One of the big challenges of praying, reading the Bible, and worshiping alone is the tendency towards doing what we like and skipping what we don’t.  Left to my own devices, I’d probably just chant psalms and read the Old Testament, Ecclesiastical Books, and sometimes also the Gospels and Revelation.  Maybe the Canticles and the Lord’s Prayer and a collect or two would survive.  But the liturgical tradition, particularly the Prayer Book tradition, keeps steering me (and all who heed it) on a healthier track for more wholesome worship that keeps the individual and the congregation rightly balanced.

It is along those lines that I’ve been developing the Saint Aelfric Customary the way I have: taking on trust that the Prayer Book is a reliable book, we’re seeking to explore its options, with classical Anglican tradition in mind, and build a Customary – a style and plan of execution of liturgy – that makes full and proper use of the options at hand.

The hymnal has received similar treatment, and you can read about the Hymnal-in-a-Year recommendation here.  As I’ve observed before, the 2017 hymnal put out by the Reformed Episcopal Church is an excellent blend of old and new; I was glad to see a few contemporary songs – the cream of the crop – make it into its pages.  That said, there are still some tunes in this book that I’m not really that crazy about.  When it comes to music, my passion is mostly in the British folk tradition, and my training is primarily renaissance, baroque, and classical.  When it comes to Christian singing, this leaves a couple massive gap in my experience: African-American spirituals or gospel songs, and the American revivalist hymn style that came under its influence.

Enter Marie Ferguson’s Joys are flowing like a river, to a tune written by W. Marshall, both in 1897, “BLESSED QUIETNESS”.  This is one of the hymns in the 2017 hymnal appointed for today, Tuesday in the week of Proper 14.  The arrangement in our hymnal is not quite the same as what I’m finding on YouTube, but you can get the idea.  It’s just one of those awful schmalty tunes with to many flats in the key signature, with lyrics just dripping with sentimentality.  As my congregation’s music minister I will never appoint this hymn to be sung because I can’t play that style properly, and as my congregation’s priest I will never appoint this hymn because we do so little music as it is that I want to make sure that no song is wasted.  But today I’m trying to sing it on my own, because it’s in the hymnal, and some people who are more knowledgeable and experienced than I am decided it’s worth being one of 639.

Joys are flowing like a river,
Since the Comforter has come;
He abides with us forever,
Makes the trusting heart his home.

Blessed quietness, Holy quietness,
What assurance in my soul!

On the stormy sea, Jesus speaks to me,
And the billows cease to roll.

It’s a Holy Spirit themed hymn, of which Anglican hymnody tends to be rather scarce, left to its own devices (though this is true also of Catholic and classical Protestant hymnody too – the Church has always sung more about Jesus than about the Spirit), so it’s no surprise that we’re dipping into other traditions to bulk up this part of the book.
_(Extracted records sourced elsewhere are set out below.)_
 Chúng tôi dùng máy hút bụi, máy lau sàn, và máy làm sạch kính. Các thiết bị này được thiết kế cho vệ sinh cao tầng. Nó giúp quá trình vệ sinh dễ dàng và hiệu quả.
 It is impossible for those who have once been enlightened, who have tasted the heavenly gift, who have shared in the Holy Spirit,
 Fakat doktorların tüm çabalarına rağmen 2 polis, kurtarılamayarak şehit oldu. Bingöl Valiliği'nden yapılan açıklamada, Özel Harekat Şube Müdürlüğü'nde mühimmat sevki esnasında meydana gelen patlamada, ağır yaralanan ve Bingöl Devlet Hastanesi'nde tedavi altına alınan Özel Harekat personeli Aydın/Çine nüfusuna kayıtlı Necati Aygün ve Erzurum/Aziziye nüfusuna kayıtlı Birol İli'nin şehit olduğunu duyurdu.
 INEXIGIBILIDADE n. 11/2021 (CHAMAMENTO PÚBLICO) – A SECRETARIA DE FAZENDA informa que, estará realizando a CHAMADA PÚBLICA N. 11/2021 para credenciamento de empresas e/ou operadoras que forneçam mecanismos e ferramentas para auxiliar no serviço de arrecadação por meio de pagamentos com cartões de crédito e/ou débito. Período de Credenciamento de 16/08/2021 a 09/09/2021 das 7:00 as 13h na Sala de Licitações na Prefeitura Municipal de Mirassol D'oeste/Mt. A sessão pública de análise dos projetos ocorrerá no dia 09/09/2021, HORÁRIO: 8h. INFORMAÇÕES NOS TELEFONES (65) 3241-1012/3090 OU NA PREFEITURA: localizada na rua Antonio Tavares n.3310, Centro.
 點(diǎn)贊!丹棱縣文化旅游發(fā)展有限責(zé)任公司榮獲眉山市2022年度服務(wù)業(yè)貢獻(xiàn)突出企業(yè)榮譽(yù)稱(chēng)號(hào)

There is a collect in the prayer book that I didn’t understand at first until I found its biblical source (Isaiah 30:15), which sounds very much like the refrain of this hymn:

O God of peace, who hast taught us that in returning and rest we shall be saved, in quietness and in confidence shall be our strength: By the might of thy Spirit lift us, we pray thee, to thy presence, where we may be still and know that thou art God; through Jesus Christ our Lord. Amen.

This “blessed quietness”, this place of “returning and rest”, is a good place to be.  In that spiritual calm of “waiting upon the Lord” and spiritual peace, one can know and feel the presence and power of God.  So although this hymn comes across as super sentimental, it is still filled with biblical imagery and truth.  Let’s see the other verses (omitting the repeated refrain).
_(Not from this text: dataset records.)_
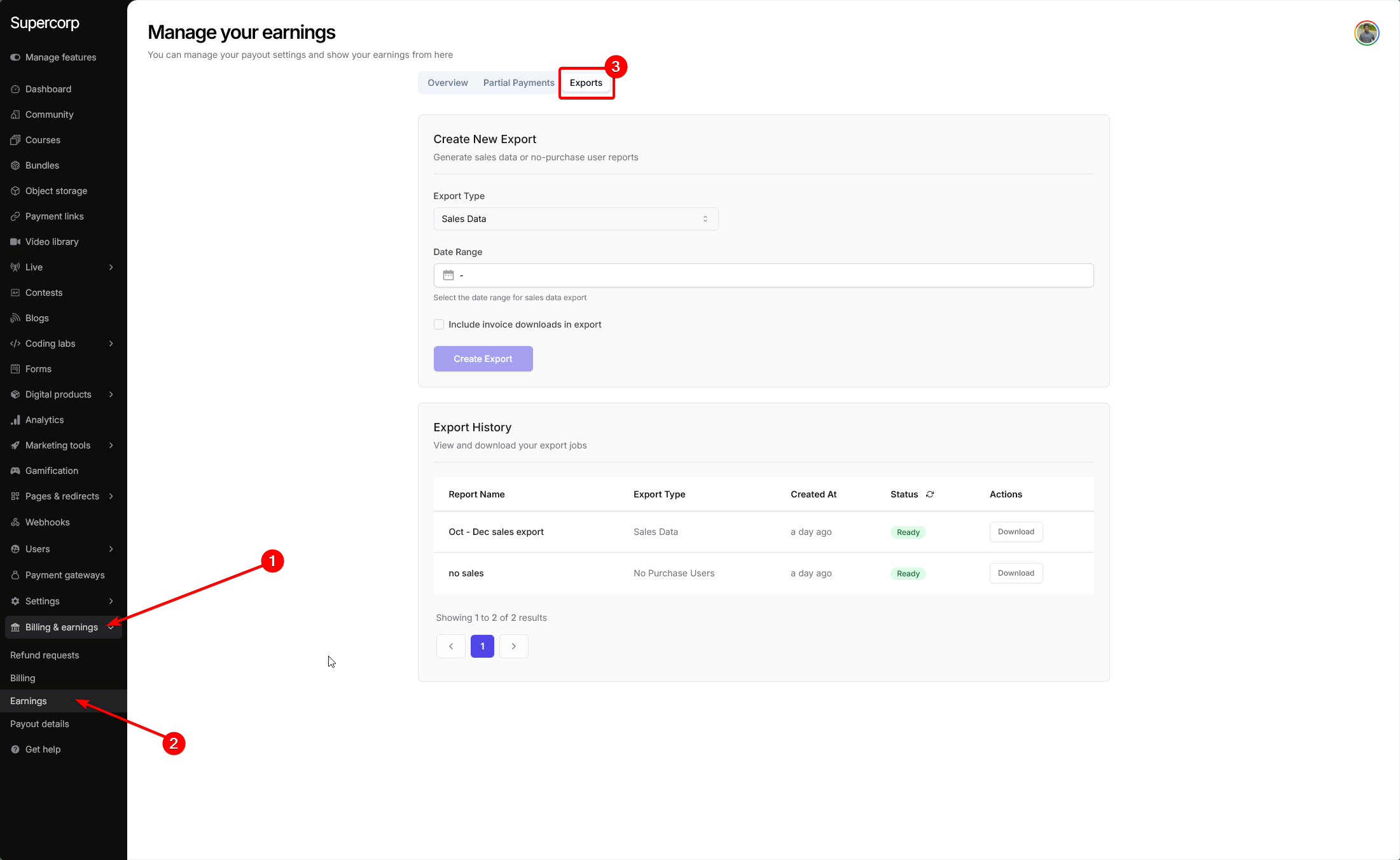 You can export sales and user data from your earnings dashboard for accounting, compliance, or analytics purposes. Here’s how to access and use the export functionality:1
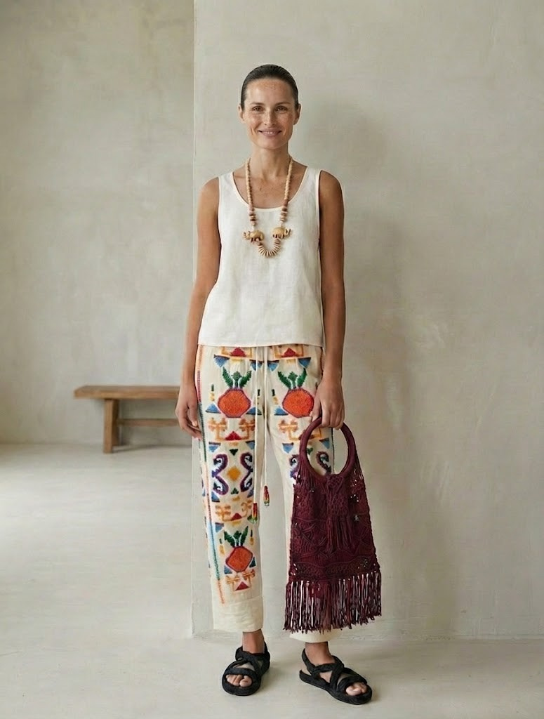 Sun & Eye Print Linen Pants
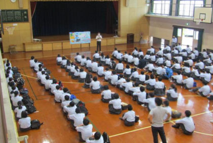式に先だって,クラス別・班別・バス乗車別など,それぞれの集合隊形の確認を行いましたが,皆さん黙々と素早く行動している姿に,まず感心しました。結団式では,校長先生からの激励の言葉,実行委員さん達からのお話,学年主任の先生からのお話などがありましたが,聞く態度も立派で,修学旅行を迎えるみなさんの「心がまえ」が伝わってくるようでした。当日は集合時間も早いので,最後まで気を抜かずに生活リズムを整え,健康状態にはくれぐれも留意して下さいね。特に前日は,たとえ眠れなくても早めに布団に入りましょう!

Bringing life, and health, and gladness
All around, this heav’nly Guest
Conquered unbelief and sadness,
Changed our weariness to rest.

Like the rain that falls from heaven,
Like the sunlight from the sky,
So the Holy Spirit’s given,
Coming on us from on high.

See, a fruitful field is growing,
Blessed fruit of righteousness;
And the streams of life are flowing
In the lonely wilderness.

What a wonderful salvation,
When we always see his face,
What a perfect habitation,
What a quiet resting place!

So yes, this is very much an emotion-driven song, which can make it both very effective (if you’re in the “right mood” for it) or quite maddening (it you aren’t), and yet in its emotionalism it continually latches on to biblical images in a way that shows decent theological reflection.  The Holy Spirit’s role as Comforter could be said to be the underlying premise of these lyrics, and explicated in both emotional and spiritual terms.  And if you’re less set-in-your-musical-ways than I am, you may even enjoy the tune!

So I have to admit, I still don’t like really like this hymn.  But I can also say it’s a good hymn, and I’ll try to sing it with you today, if I can the hang of the rhythms.